Hingga akhirnya, Olivia tiba di gerbang bercat putih tulang yang berdiri kokoh nan megah itu. Berbaris, menunggu giliran selama beberapa menit. Hingga akhirnya, tibalah gilirannya. Gadis itu tetap melakukan sesuai prosedur, meski dipandang sinis oleh para anggota OSIS tersebut. Seperti menjulurkan kedua tangan sebagai bukti jika ia tak mengenakan gelang kemudian menunjukkan kaos kaki serta sepasang sepatunya.
"Ini kok biru dongker semua? Ngetrend, ya?" sindir salah seorang mereka menatap ke arah sepatu Olivia dan seorang laki-laki dari kelas XII sebelah mengenakan warna sepatu yang sama.
"Terpaksa," jawab laki-laki itu kemudian berlalu dari sana.

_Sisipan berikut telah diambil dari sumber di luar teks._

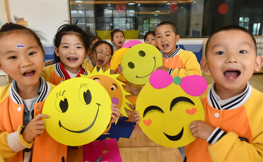 Crian?as exibem cart?es de sorrisos para celebrar o próximo Dia Mundial do Sorriso em um jardim de infancia no distrito de Zigui, província de Hubei, centro da China, em 7 de maio de 2019. O Dia Mundial do Sorriso é comemorado anualmente no dia 8 de maio. (Xinhua/Wang Huifu)
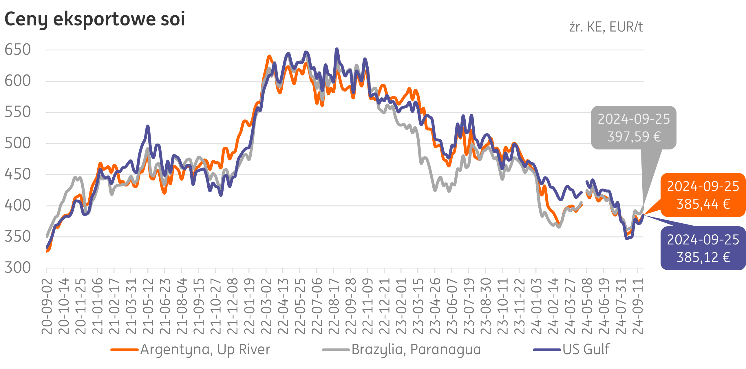 Ceny soi i śruty sojowej. We wrześniu ceny eksportowe soi wzrosły u analizowanych eksporterów tego produktu. Nawyższa cena jest w Brazylii (Paranagua): 398 EUR/t, to wzrost o 8% m/m (-17% r/r). Cena w Argentynie (Up River) wzrosła o 7% w ciągu miesiąca, do poziomu 385 EUR/t (-22% r/r), a w USA (Gulf) na 23 września 2024 r. cena wzrosła również do 385 EUR/t (+10% m/m; -21% r/r).

"Kak, namanya siapa?" tanya seorang gadis dari salah satu anggota OSIS itu pada Olivia.
"Olivia Ongkowijaya," jawab Olivia menoleh dan melontarkan tatapan tajamnya. "Apa gunanya ada name-tag?" tanya Olivia menunjukkan sikap senioritasnya.
"Makasih," balasnya menulis nama Olivia di sebuah buku notes disertai senyuman.

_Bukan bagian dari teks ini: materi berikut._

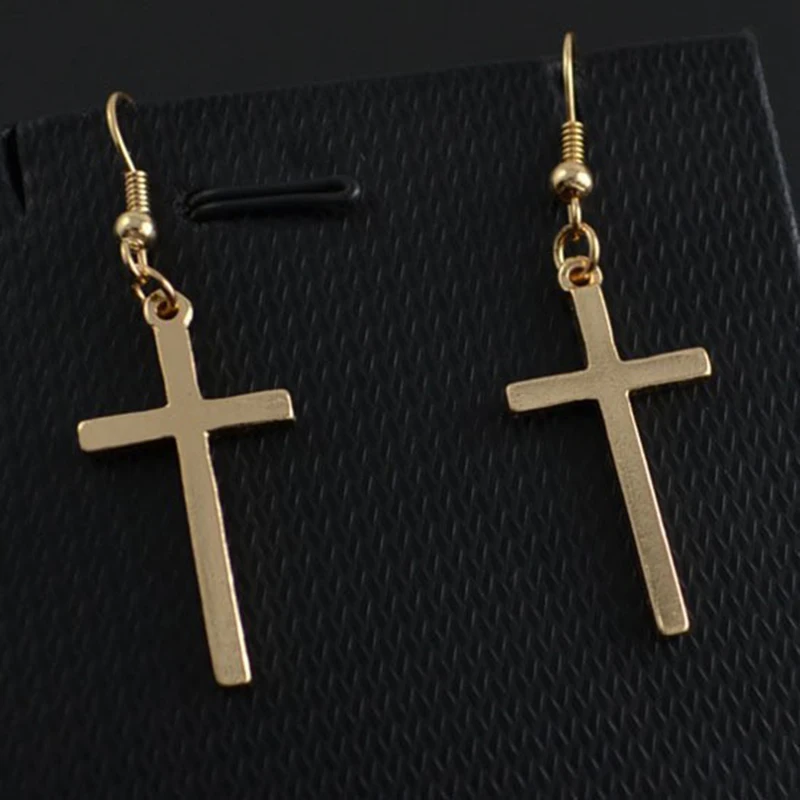 Серьги-подвески в стиле панк для мужчин и женщин, простые висячие серьги-подвески с крестиком для ушей, Ювелирное Украшение для женщин, цвет золотосеребро, 1 пара

Kalo catat, mah, catat aja. Nggak takut gue. Lagian juga, apa sih manfaat name-tag kalo udah dipasang?
Selepas itu, Olivia pun bergegas berlalu meninggalkan gerbang sekolah dan pergi menuju kelasnya yang ia prediksi lumayan ramai. Sebab, jarum jam telah menunjukkan pukul setengah tujuh. Tak lupa sedikit membungkukkan badan ketika melewati para guru yang duduk di bangku yang dulunya pernah ia tempati bersama Oliver. Sesekali mengamati sekitar, siapa tahu ia akan berjumpa dengan Oliver meski mustahil rasanya.

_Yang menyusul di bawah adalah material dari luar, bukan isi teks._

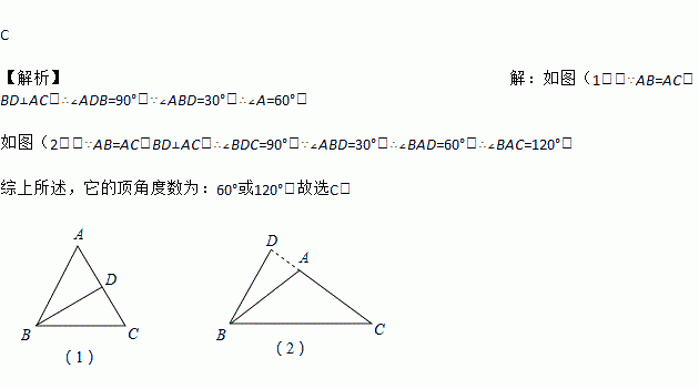 C 【解析】【解析】 如图(1),∵AB=AC,BD⊥AC,∴∠ADB=90°,∵∠ABD=30°,∴∠A=60°; 如图(2),∵AB=AC,BD⊥AC,∴∠BDC=90°,∵∠ABD=30°,∴∠BAD=60°,∴∠BAC=120°; 综上所述,它的顶角度数为:60°或120°.故选C.

Tapi, itu hanyalah sebuah angan. Olivia tak menemukan keberadaan laki-laki itu ketika tiba di gedung B sebelum akhirnya, ia memutuskan untuk langsung menuju kelasnya.
"Hey, everybody!" sapa Olivia pada seluruh teman-temannya yang pagi ini sudah memenuhi satu-persatu bangku mereka lalu berjalan menuju bangkunya dan meletakkan tas di sana.
"Oy, Liv! Pagi-pagi dah heboh ae lo," komentar Nadine mengikuti gerak-gerik Olivia melalui pandangan matanya.
Olivia terkekeh. "Harus semangat, dong!"
"Anjir."
"Iya lah. Secara, kan, sekarang ada Oliver. Ya, nggak, Liv? Eaaa," goda Nia tersenyum jahil pada gadis itu didukung siulan dari Salma.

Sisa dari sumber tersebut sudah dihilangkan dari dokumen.